We devote a significant area of our family law practice to the realm of complex income calculation and defence for the purpose of child and spousal support. The Child Support Guidelines prescribe a method to determine a payor’s income. Generally income for support purposes is simply determined by the payor’s tax return and adjusted in accordance with the Child Support Guidelines.

We handle many situations, however, where either party may seek to establish a different income amount for support purposes, situations where the payor has sources of income other than traditional employment income. These individuals may have corporations, stock options, rental property and other sources of non-realized investment income.

We handle and defend a range of complex family tax and imputed income applications. We frequently defend allegations where the payor’s income is alleged to be significantly higher than provided on income tax returns.

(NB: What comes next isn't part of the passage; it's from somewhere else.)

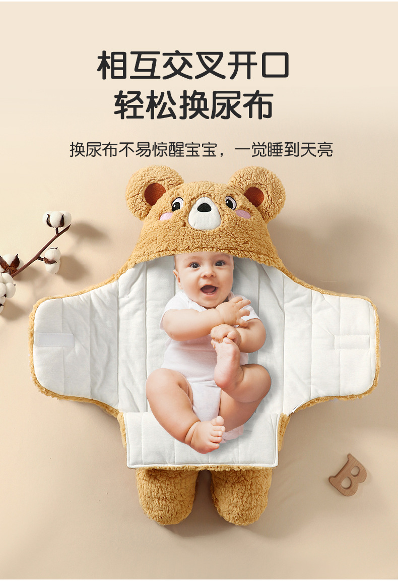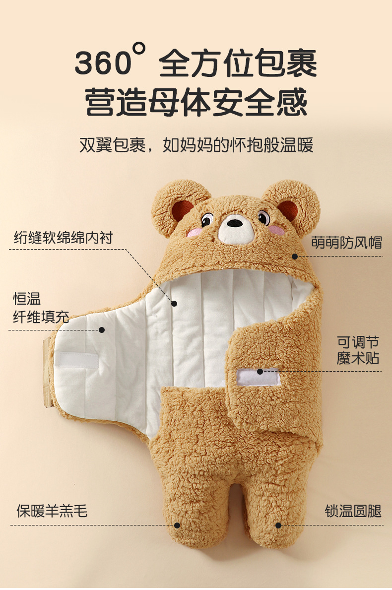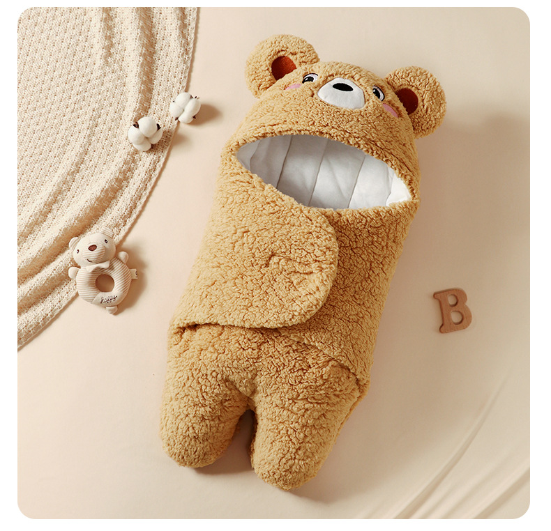 아기 보안 안티 놀라운 슬리핑 백 신생아 가을과 겨울 코튼 양고기 양털 가방 만화 후드 300g 캡 퀼트스토어 가기

What if my income is over $150,000?

The court has the discretion to depart from the presumptive Child Support Tables where the payor has income over $150,000 per year. Courts generally don’t deviate from the Child Support Table amounts and have ordered Table support as high as $11,173 per month for a four-year-old child.

What is imputing income?

Sometimes, the court may impute income to a parent in a number of situations some of which include intentional under-employment; exemption from payment of income tax; payment of tax at an effective rate lower than that in Canada; diversion of income; the parent’s failure to reasonably utilize property to generate income; the parent’s failure to make proper financial disclosure; a situation in which a significant portion of income is paid from dividends or capital gains; or the parent’s unreasonable deduction of expenses from income, reasonableness not being solely governed by the standard applied in the Income Tax Act.

What are unreasonable deductions and expenses?

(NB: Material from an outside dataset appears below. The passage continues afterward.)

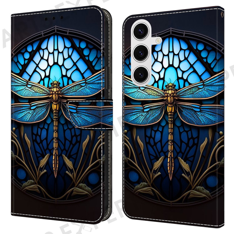 For Samsung Galaxy S25 Case Pattern Printed Protective Cover TPU+PU Leather Flip Phone Case - Blue Dragonfly

The Child Support Guidelines provides that a court may impute income to a spouse who unreasonably deducts expenses from income. The determination of the reasonableness of the expense is not solely governed by whether it is permitted under the Income Tax Act. Generally, expenses claimed from which the payor parent derives a personal benefit will be added back into his or her income, where the expenses were not reasonably necessary to earn income in the context of the objectives outlined in s.1 of the Guidelines.

What about deducting business expenses?

Income may be imputed where a significant portion of untaxed business income is used for payment of personal expenses such as vehicle, phone and food and beverage expenses.

We handle and defend a range of complex business, tax and income calculation disputes, often working closely with forensic accountants.